- Aim of the task
The lines from the top of the material below through the line containing "Misty's Golduck holographic" are to be printed exactly, with pictures omitted.

- Data shown
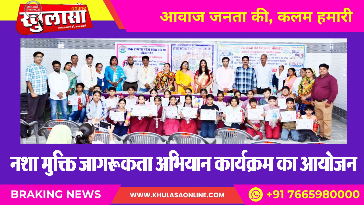 बीकानेर। एक रुपया रोज सेवा संस्था के द्वारा चोखूँटी स्थित कुम्हार सभा भवन में नशा मुक्ति जागरूकता कार्यक्रम का आयोजन किया गया। कार्यक्रम में विभिन्न स्कूलों के छात्र-छात्राओ की प्रतियोगिता का आयोजन किया गया जिसमें प्रथम द्वितीय और तृतीय स्थान पर रहने वाले बच्चों को मोमेंटो सर्टिफिकेट और चांदी का गिफ्ट देकर सम्मानित किया गया साथ ही भाग लेने वाले सभी बच्चों को प्रशस्ति पत्र व गिफ्ट दिए गए।
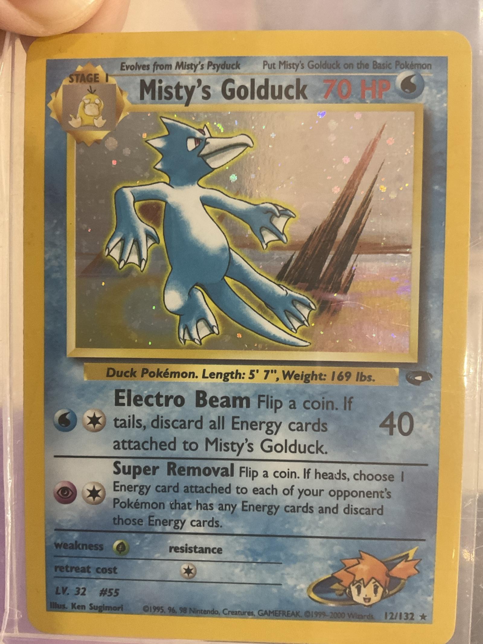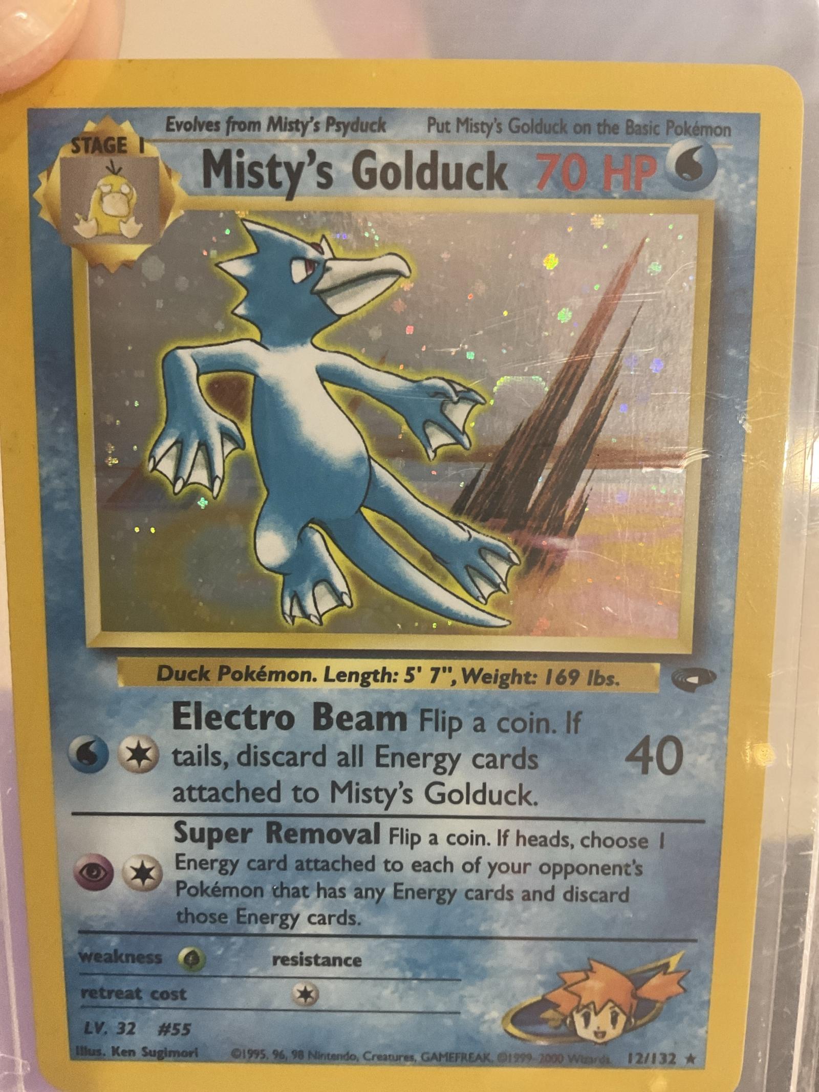 Misty's Golduck holographic card from Gym Challenge Unlimited Set. Card number 12/132, illustrated by Ken Sugimori. This Water-type Stage 1 Pokémon evolves from Misty's Psyduck. Featuring the moves Electro Beam and Super Removal. This card is collectible with holo foil treatment and has notable vintage value but less relevance in current competitive play.
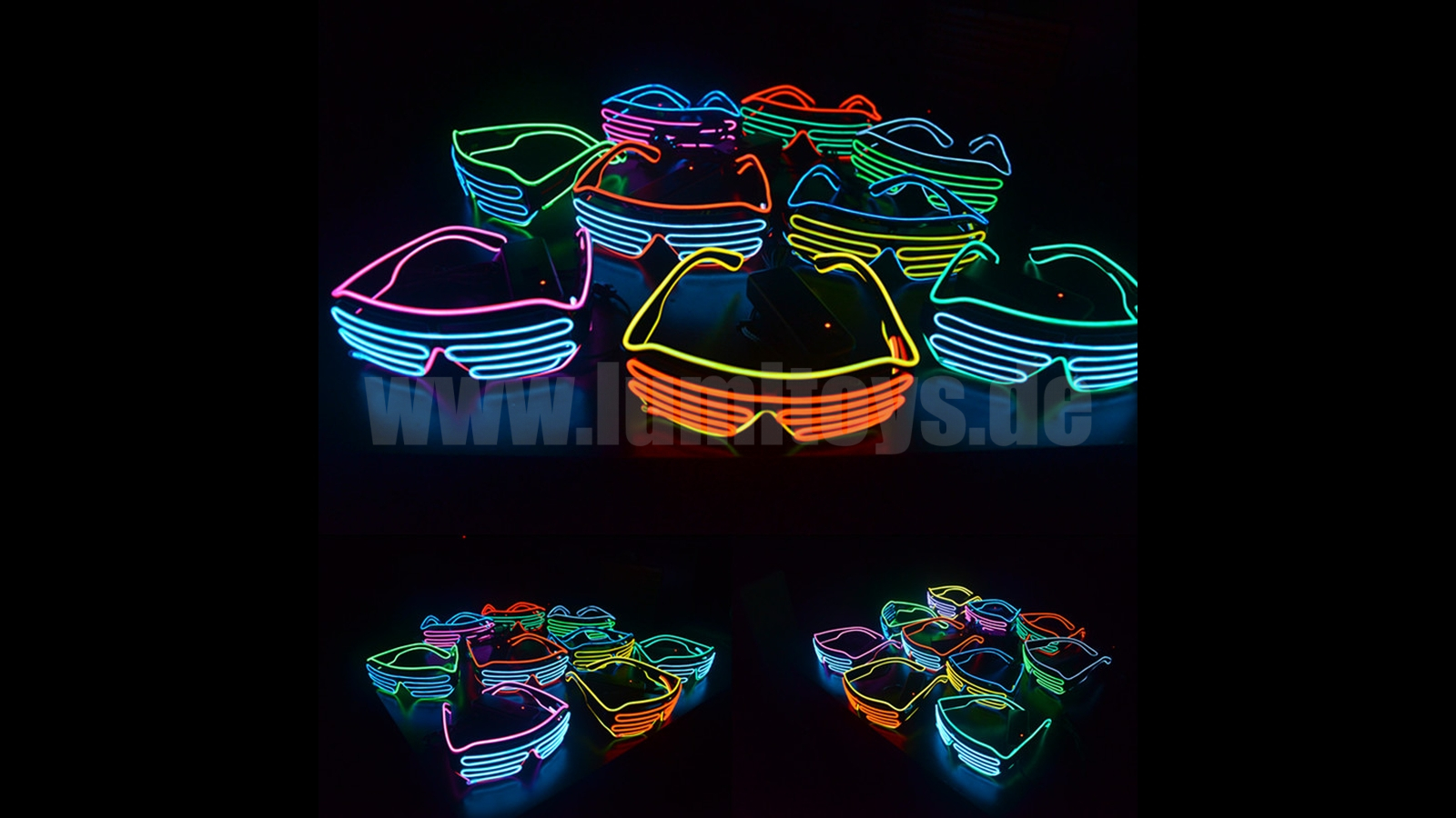 Brille mit EL-Technik in zahlreichen Farben, verschiedene Blinkprogramme per Schalter anwählbar. Optional mit Soundsteuerung erhältlich. 2x 1,5V Mignon Batterie erforderlich (Art.Nr. 1921).

- Answer section
 बीकानेर। एक रुपया रोज सेवा संस्था के द्वारा चोखूँटी स्थित कुम्हार सभा भवन में नशा मुक्ति जागरूकता कार्यक्रम का आयोजन किया गया। कार्यक्रम में विभिन्न स्कूलों के छात्र-छात्राओ की प्रतियोगिता का आयोजन किया गया जिसमें प्रथम द्वितीय और तृतीय स्थान पर रहने वाले बच्चों को मोमेंटो सर्टिफिकेट और चांदी का गिफ्ट देकर सम्मानित किया गया साथ ही भाग लेने वाले सभी बच्चों को प्रशस्ति पत्र व गिफ्ट दिए गए।
 Misty's Golduck holographic card from Gym Challenge Unlimited Set. Card number 12/132, illustrated by Ken Sugimori. This Water-type Stage 1 Pokémon evolves from Misty's Psyduck. Featuring the moves Electro Beam and Super Removal. This card is collectible with holo foil treatment and has notable vintage value but less relevance in current competitive play.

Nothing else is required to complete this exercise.